For a correct assessment of the speed of implementation of the methods, it is important to measure when the load is close to real, The number of simultaneous requests (parallel threads) is important. Since the load on the combat circuit is significantly different from the test, and the number of testers who can be involved in the test is limited, we developed an operator’s work emulator to generate the required load. The emulator is a one-page web application that sends requests and processes the result in the same way as a system user. Identification data (login) and behavior parameters (number of seconds before the next step) can be passed to the application via url, which is very convenient for mass launch.
The test is carried out according to the following scenario from several development machines or dedicated virtual machines running several instances of the emulator that send the necessary signals (commands) to the Pds service, the service takes the required number of phone numbers and sends them to the PBX. For the load test, a dedicated telephone number is used, for which the specified behavior is registered on the PBX: answer (pick up the phone) after a random number of seconds, hang up the phone after a random number of seconds.
The test is carried out for 15-20 minutes.
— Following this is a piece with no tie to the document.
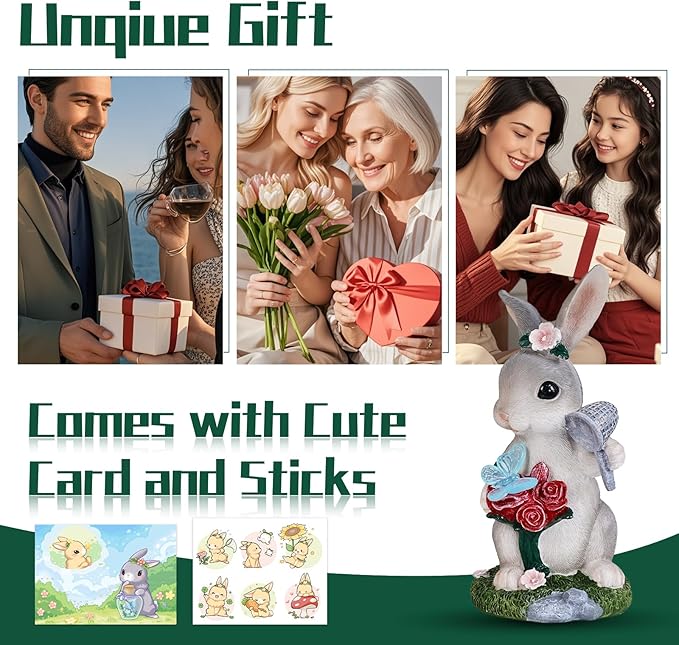 - Perfect Gift for Any Occasion: Perfect as gardening gifts or thoughtful gifts for mom and grandmother, this charming rabbit statue arrives in premium pearl cotton packaging with matching stickers and a card—ready to celebrate birthdays, holidays, Mother's Day, Father's Day, and Christmas, especially for house warming as a garden gift.

During this time, enough data is collected for analysis.
In the future we plan to add control over the load on the database using Oracle Enterprise Manager.
Evaluation of test results
The measurements recorded as a result of the test go to the log analyzer, which forms a table with the results. The table consists of the following columns:
- Service is the name of the service whose method is being called.
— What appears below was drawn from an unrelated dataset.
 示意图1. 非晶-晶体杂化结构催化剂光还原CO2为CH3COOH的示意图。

- Method - the name of the method that is called for processing.
- Count - the number of method calls per test.
- AvgTime is the average method execution time.
- MinTime - the minimum time the method is executed.
- MaxTime - the maximum time the method is executed.
- Delta - the difference between the maximum and minimum execution time.
An example of a table with the results of measurements.
Service | Method | Count | Avgtime | Mintime | Maxtime | Delta |
---|
TCSBank.Telephony.Core.Pds.ICustomerBoardService | FindCustomerByUniqueId | 60 | 0.006371 | 0.003428 | 0.010329 | 0.006901 |
TCSBank.Pds.HostingService.PdsOperationService | GetAcdAnswerer | 26 | 0.450426 | 0.011836 | 4.247844 | 4.236008 |
TCSBank.Teleony.Core.Pds.IPdsCoreService | OnConnectionSuccess | 56 | 0.119736 | 0.093473 | 0.526525 | 0.433052 |
Similar tables with the results of the work of methods are published on project wiki-pages for each displayed version and are available for evaluation and comparison.
The ratio of received and missed calls received at a given processing speed is also evaluated. If there is a significant increase in the speed of execution of methods between versions, leading to an increase in the number of missed calls, optimization changes are made to the product, after which the load test is repeated.
In the future, we will complement this approach by analyzing the load on the database caused by the test.
Summary
The use of the described method allows us to guarantee the quality of the system and quickly deal with abnormal situations on the combat circuit. I want to note that this approach is not applicable to all systems and stages of the product life cycle. What methods to apply for quality assurance in each particular case is up to you. Thank you for your interest and successful work.